What is a wind surge? It’s a coastal term — a rise in water level along a coastline that’s caused by heavy winds, like a storm surge during a hurricane. Makes no regional sense, considering Wichita is about as landlocked as you can get.
So the name isn’t great. It’s also not so bad that it’s great, in the realm of the Savannah Bananas, or the Hartford Yard Goats, or my personal favorite, the Rocket City Trash Pandas.
But despite a Change.org petition that by 2:30 p.m. Thursday had more than 7,000 signatures, it looks like the Wind Surge might be here to stay. For one thing, there’s a store across the street from the ball park construction site that’s full of Wind Surge and Pegasus merchandise.
It’s understandable that many Wichitans — even baseball enthusiasts — feel betrayed by the process that brought us the Wind Surge. Unlike the Trash Pandas team in Madison, Alabama, which decided its name with a public online vote, the months-long rollout of potential Wichita names seems insincere and meaningless.
Why gauge public opinion on the River Riders, 29’ers, Linemen or Doo-dahs if they were never in the running? How can you inspire passion for a team if local fans don’t feel a sense of involvement or ownership?
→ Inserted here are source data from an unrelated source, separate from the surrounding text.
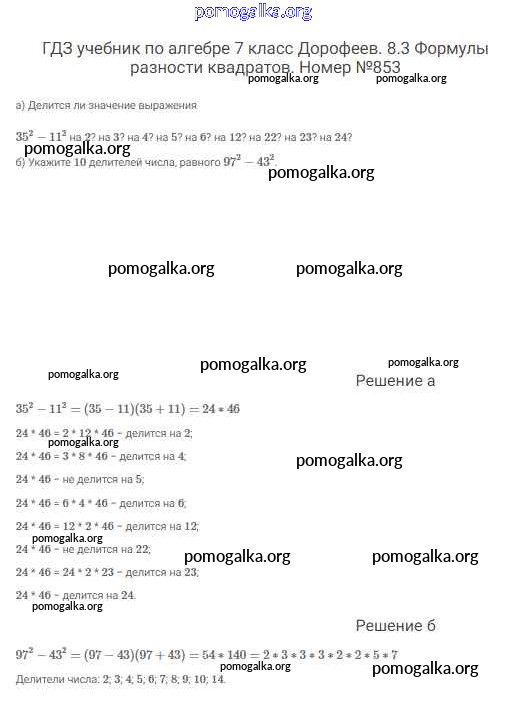 Готовые ответы - Алгебра 7 класс Дорофеев Г.В. - упражнение 853
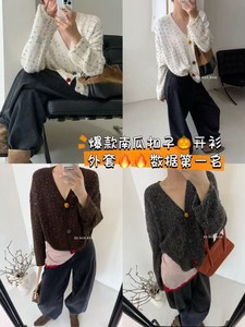 2025欧美跨境外贸南瓜扣新款针织保暖开衫上衣时尚撞色纽扣毛衣女
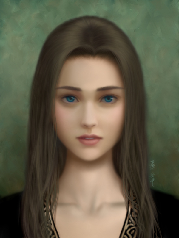 我看了这幅画也有很深的体会,我发现画这副画的作者很巧妙的在眼眶四周布下粗看看不出的阴影,但长时间盯着她的眼睛看就会因为那 些阴影而觉得只能注意她的眼睛(表达不好,看过的应该明白我在说什么)再加上那诡异的眼珠。。。。。。
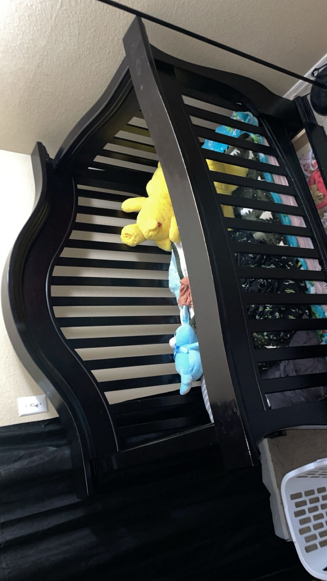 Used for a 3 kids so it’s got some scuff and chips in the paint. Base is adjustable, will need to be oiled. Drawer comes in and out underneath. Side piece is for toddler bed
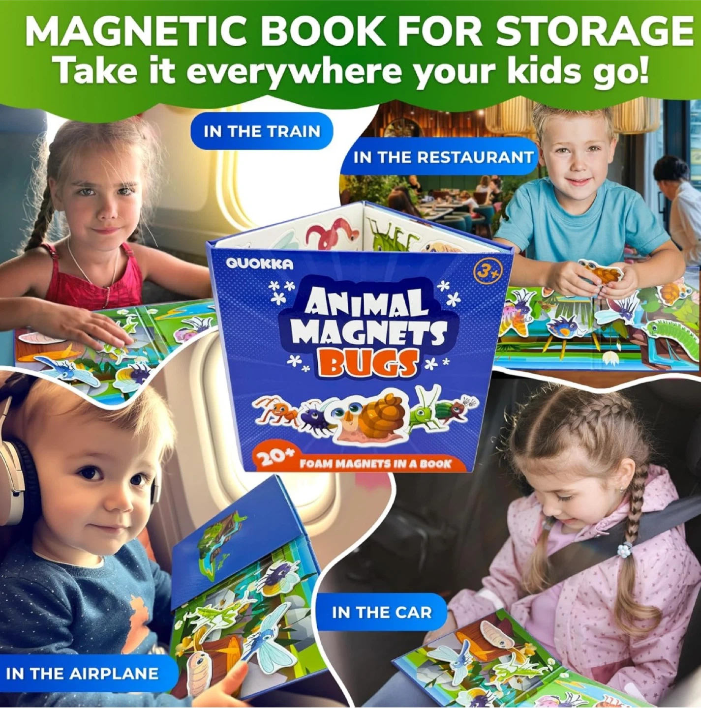 🧲 Quokka Animal Magnets (Bugs) – 20+ foam magnets in a magnetic book
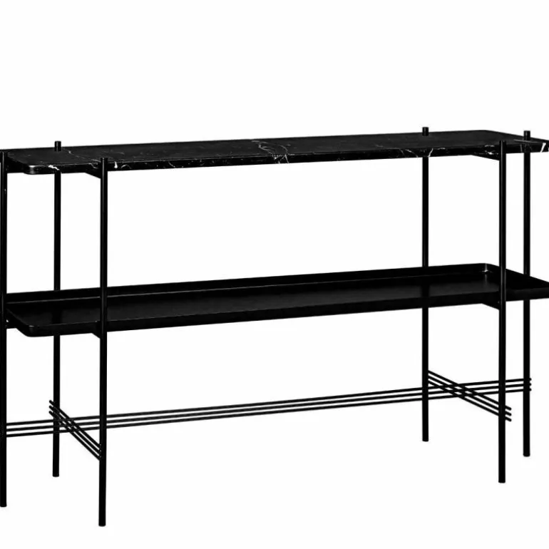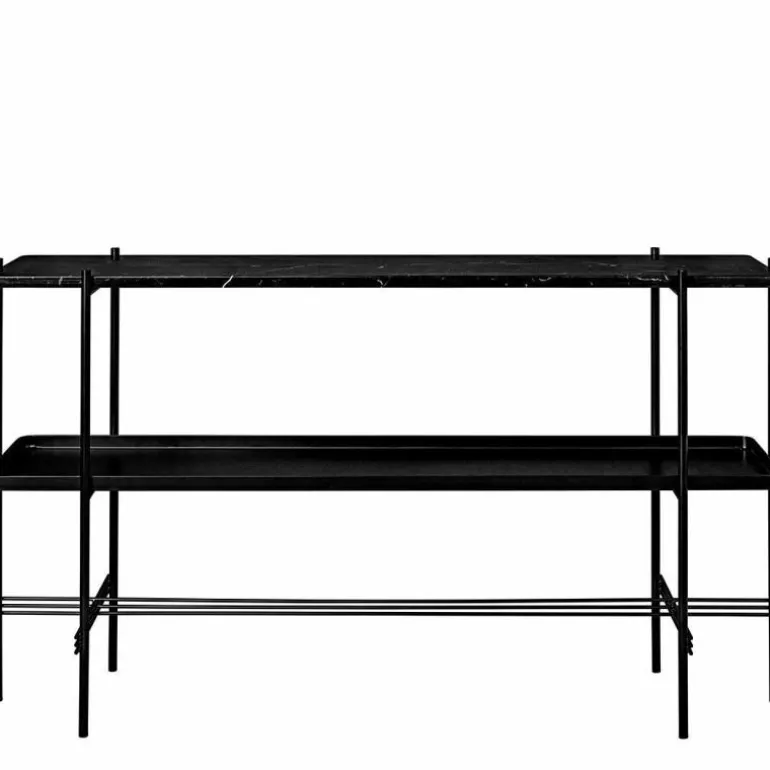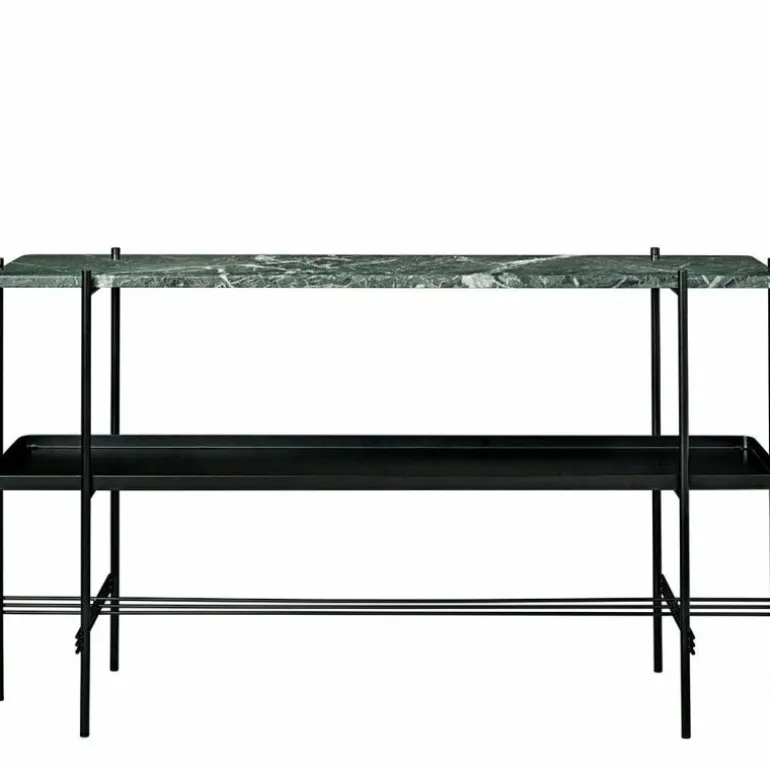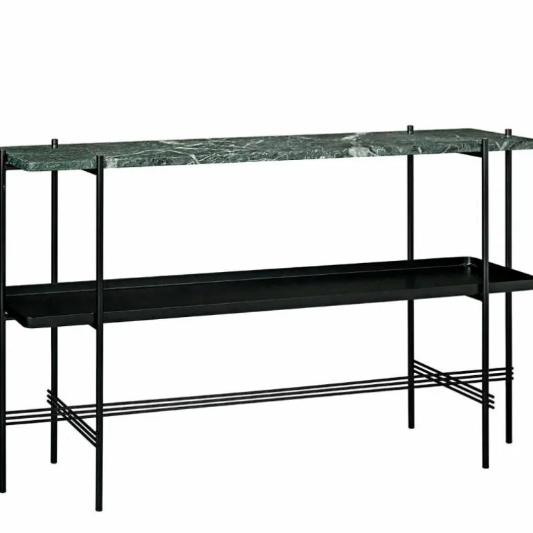 De TS Console Tafel 2 Tops van GamFratesi is voorzien van een messing of een zwart metalen frame en twee marmeren bladen. De breedte van de tafel bedraagt 120 centimeter, de diepte is 30 centimeter en de hoogte bedraagt 72 centimeter. Voor de marmeren bladen heeft u de keuze uit zwart, groen, wit of bruin.r
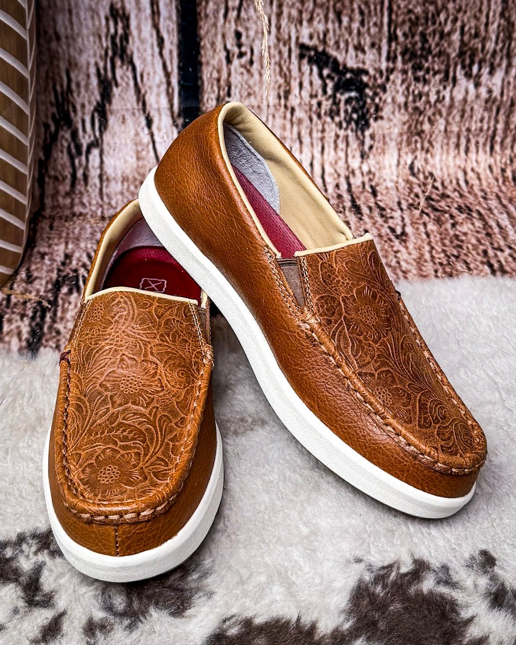 Lightweight, comfortable, and full of subtle detail, the Jess Slip-On UltraLite X in Cashew by Twisted X is an everyday essential with a touch of western flair. The soft leather upper features a embossed flower pattern on the vamp, giving it a unique look that feels feminine without being fussy.
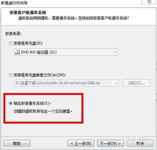 2.在此處,選擇第三個(gè)也就是稍后安裝操作系統(tǒng)的選項(xiàng)。這里小編不建議使用常規(guī)的第二個(gè)選項(xiàng),用第二個(gè)的時(shí)候 VMware Workstation會(huì)自己識(shí)別系統(tǒng)然后默認(rèn)使用簡(jiǎn)易安裝。雖然這樣省去一些操作但親測(cè)會(huì)將系統(tǒng)語(yǔ)言弄成英文不好改回來(lái),并且如果你是實(shí)機(jī)安裝也不會(huì)有簡(jiǎn)易安裝這玩意兒。建議還是老老實(shí)實(shí)安裝,所以選擇第三個(gè)選項(xiàng)。
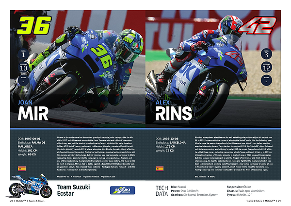 No one in the modern era has dominated grand prix racing ’ s junior category like the Mir did in 2017 , only his second season in the class . Ten race wins and a Moto3™ championship victory was just the start of grand prix racing ’ s next big thing . His early showings in Marc VDS ’ Moto2™ team - podiums at Le Mans and Mugello – convinced Suzuki to add him to its MotoGP™ ranks in 2019 , where , alongside Alex Rins he formed a highly effective all-Spanish line-up . He was just finding his feet before a massive testing crash in Brno left him nursing an injury to his lungs . But Mir returned as a near complete performer in 2020 , recovering from a poor start to the campaign to rack up seven podiums , a first win and one of the most unlikely championship triumphs in premier class history . And there is still so much to improve . Mir has had to battle against a Suzuki GSX-RR that can ’ t qualify well all year . Even still , he has amassed three podiums – Portugal , Italy and Holland – and still harbours a realistic shot at the championship .
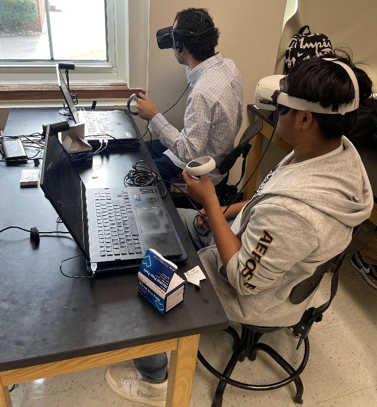 HIgh Students in Virginia explore a virtual field trip to the Jurassic. Student test scores rose after doing the simulation.
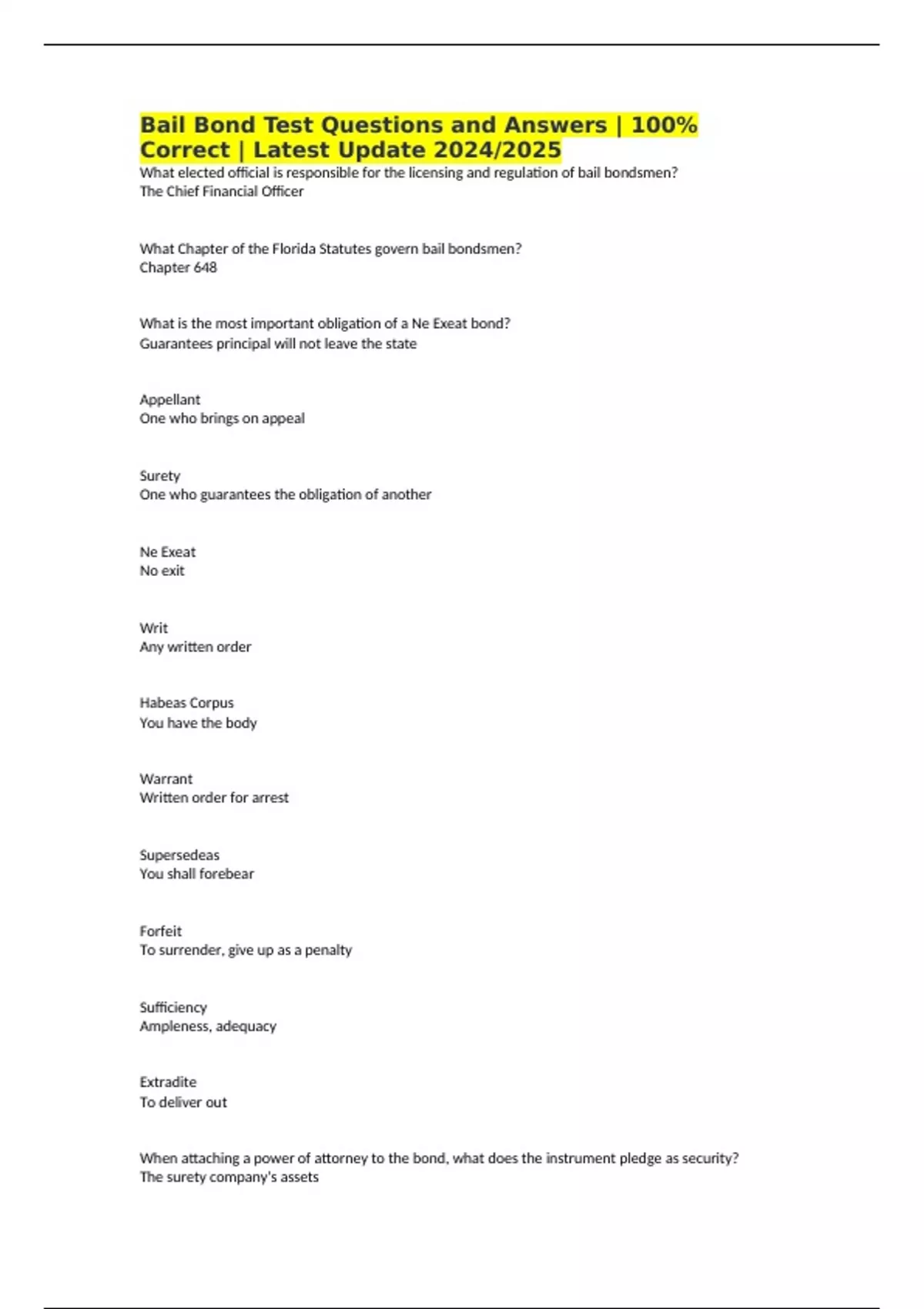 Bail Bond Test Questions and Answers | 100% Correct | Latest Update 2024/2025 What elected official is responsible for the licensing and regulation of bail bondsmen? The Chief Financial Officer What Chapter of the Florida Statutes govern bail bondsmen? Chapter 648 What is the most important obligation of a Ne Exeat bond? Guarantees principal will not leave the state Appellant One who brings on appeal Surety One who guarantees the obligation of another Ne Exeat No exit Writ Any written order Habeas Corpus You have the body Warrant Written order for arrest Supersedeas You shall forebear Forfeit To surrender, give up as a penalty Sufficiency Ampleness, adequacy Extradite To deliver out When attaching a power of attorney to the bond, what does the instrument pledge as security? The surety company's assets What age does an applicant have to attain to become a limited surety in this state? 18 A misdemeanor is crime punishable by what maximum term in jail? Less then 1 year A felony is crime punishable by what term in Jail More than one year to death What is an obligee? A party to a contract that is owed Who is the obligee in a state bail bond? The Governor

Unfortunately, the name seems like it’s just another chapter in the series of backroom deals and secret negotiations that brought the baseball team and its downtown stadium to Wichita.
All we can do now, I suppose, is embrace the Wind Surge in all its flatulent glory.
Team cheer? Let’s blow raspberries.
When the opposing team takes the field, our JumboTron could feature the scene from “Monty Python and the Holy Grail,” in which a French character portrayed by John Cleese shouts, “I fart in your general direction.”
As for our new Pegasus mascot, perhaps it could be recycled from the old Wichita Wranglers one: Stick some blue wings on Wilbur Wrangler, give him a new jersey, and call it good.
Some Wichitans predict that new name may grow on us, and that could be the case. Not everyone loved the Wingnuts when their name and logo were first introduced.
For now, though, of the Wind Surge — not a big fan.